Screens only have to be fine enough to stop the brass. Let the pins fall through into a plastic bucket. A piece of hardware cloth bent into a bowl shape will work. A lot of folks just put a plastic collander over a 5 gallon bucket. The pins apparently are not austenitic, so a magnet will get strays (test this with your pins). Others are
using these and just buy their own bucket, but I see they are currently out of stock. Also, currently they are made sized for 3½ gallon buckets instead of the ubiquitous 5 gallon paint buckets.
Thumbler B seems to be what most favor for pins. Shown in
this article. It does rocks, case cleaning, moly-coating (with special plastic liners; moly sticks to their standard Neoprene liner). No difference in the machine needed for that.

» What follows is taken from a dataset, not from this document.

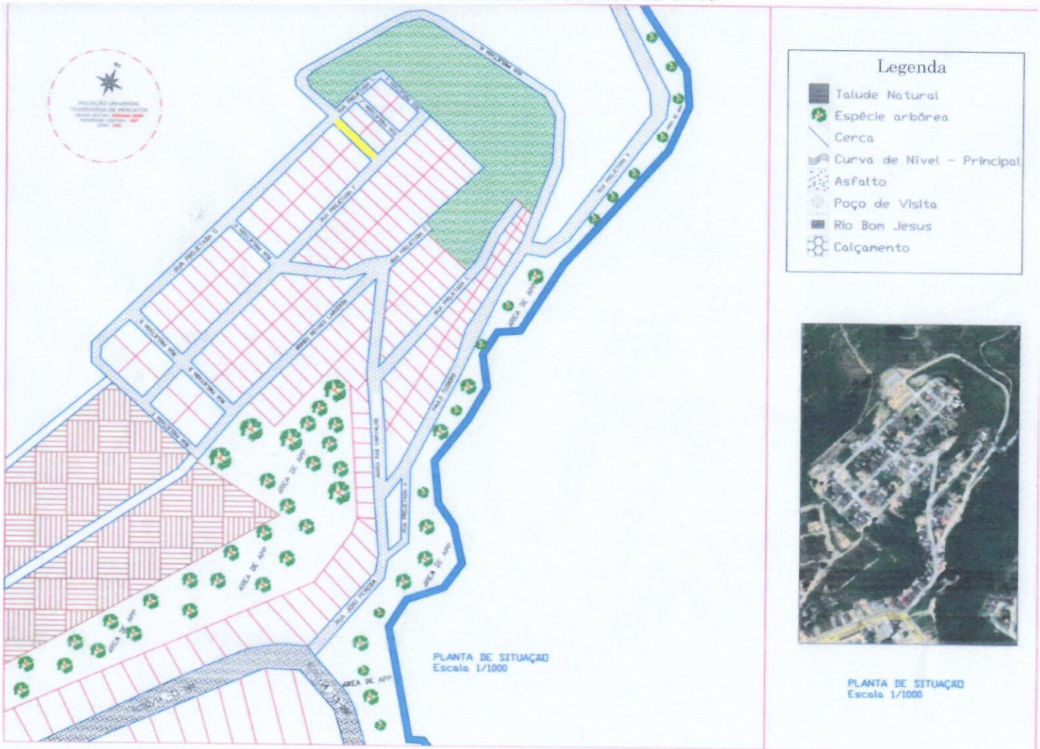
MAPA 7 – Travessa Nilsa Laia da Silva

A travessa Nilsa Laia da Silva Inicia na Rua projetada F e termina na Rua projetada G, no local onde se intersecciona com a Rua Paulo Teodoro.

There's an old arsenal case cleaning formula (from before they stopped cleaning oxides off brass, so this is WWI era) that's just 5% citric acid powder by weight (add 7 ounces to 1 gallon of water) that works fast and is reusable and good for the ultrasonic. I expect it's a good choice for tumbler, but you may be able to use a lot less considering the time involved, and toss it when you are done. Buying the citric acid as such is a lot cheaper than buying it as Lemishine. 10 lbs for less than $3/lb postage paid,
here.
Citric acid softens water, so you don't really need a lot of detergent. Also, some detergents a alkaline and neutralize part of the acid. Try just a couple of drops of Dawn Essentials (no color or disinfectant or bleach or other additives other than scent) to help cut oil or grease.
Try cleaning the drum friction surfaces with alcohol. Don't use belt dressing, as it lubricates squeaks out and may actually make the drum slip worse. If it still won't grip, mix a little rosin in alcohol and paint it thinly on those surfaces and let it dry.